Apr 19, 2010

Play with Bibliographic Data

I’ve got the publication list of a research institute. There are more than 1400 entries, exported in xml format from Endnote. As a data mining project, there are plenty of things you can do with the data. Let’s assume  we are interested in the relationships among researchers and groups. Can we check this out quickly in Mathematica?

First, extract the data:

in the xml, for each publication, the author list is stored as the following:

<authors>
<author>
  <style face="normal" font="default" size="100%">Paul, N.</style>
</author>
<author>
  <style face="normal" font="default" size="100%">Cao, B.</style>
</author>
… </authors>

xml = Import["Bib.xml"];

authors = Cases[xml, XMLElement["authors", _, authors_] -> authors, Infinity];

names = Flatten@Cases[#, XMLElement["author", _, {___, XMLElement["style", _, name_]}] –> name] & /@ authors;

What we get here is the lists of authors for each publication.

Let’ see the relationship between number of authors and number of publications.

Sort[Tally[Length[#] & /@ names], #1[[1]] < #2[[1]] &]

{{1, 265}, {2, 280}, {3, 320}, {4, 224}, {5, 94}, {6, 85}, {7,
  39}, {8, 22}, {9, 20}, {10, 14}, {11, 11}, {12, 14}, {13, 5}, {14,
  3}, {15, 5}, {18, 1}, {19, 1}, {20, 1}}

xml

We can see that most of publications have no more than 4 authors.

Next step, we like to check out the internal relationships among authors. We need to generate a network for authors. For example, if a publication has 4 authors {A, B, C, D}, the network is defined as a circle:

Flatten@(Partition[Append[authors, authors[[1]]], 2, 1] /. {x_, y_} :> {x -> y})
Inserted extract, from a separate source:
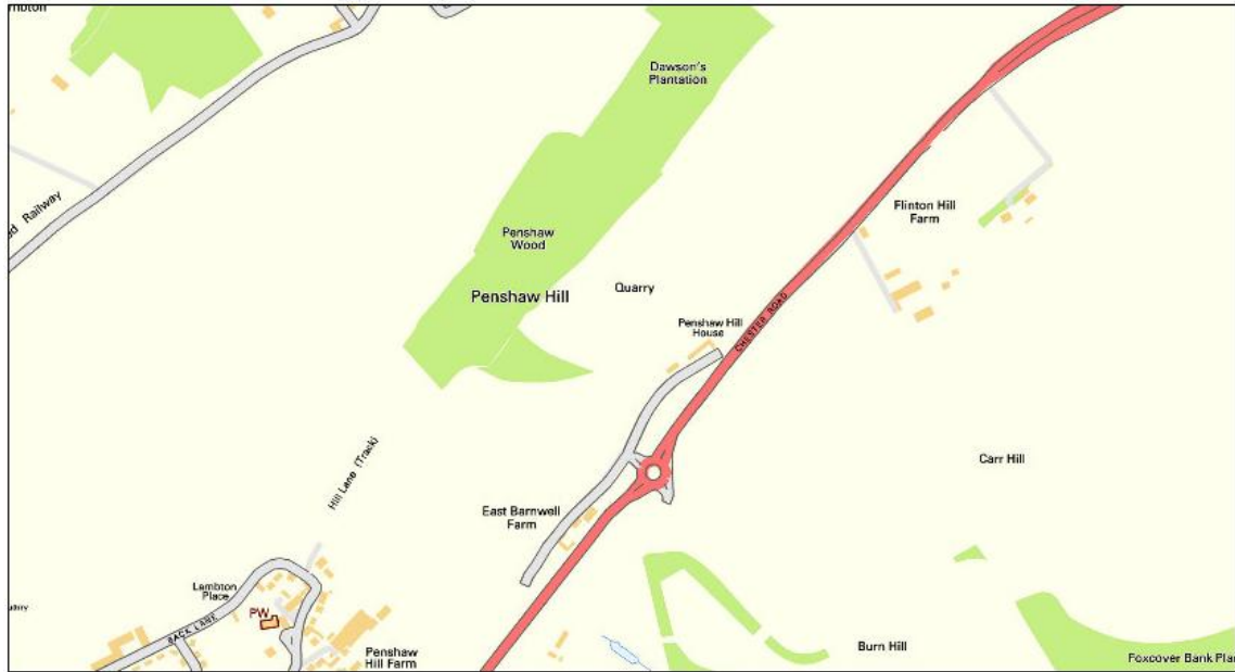
Figure 2. Detailed site location.

2.1 The site is located on Penshaw Hill, found on the Eastern outskirts of Penshaw, Sunderland, centred at NZ 3340 5438. The solid geology of the area is Raisby: Dolostone and Seventy Fathom Post Member: Sandstone. The overlying drift geology comprises mainly of Pelaw Clay Member (British Geological Survey 2015).

{A -> B, B -> C, C -> D, D -> A}

For all the publications, we get the following network:

xml2

There are two large research groups inside this institute. Then re-draw the graph with top 10 contributors, it confirms the information.

xml3

No too bad with 10 minutes coding.

I will not release the notebook this time, since I may not have the right to distribute the data. Sorry about it.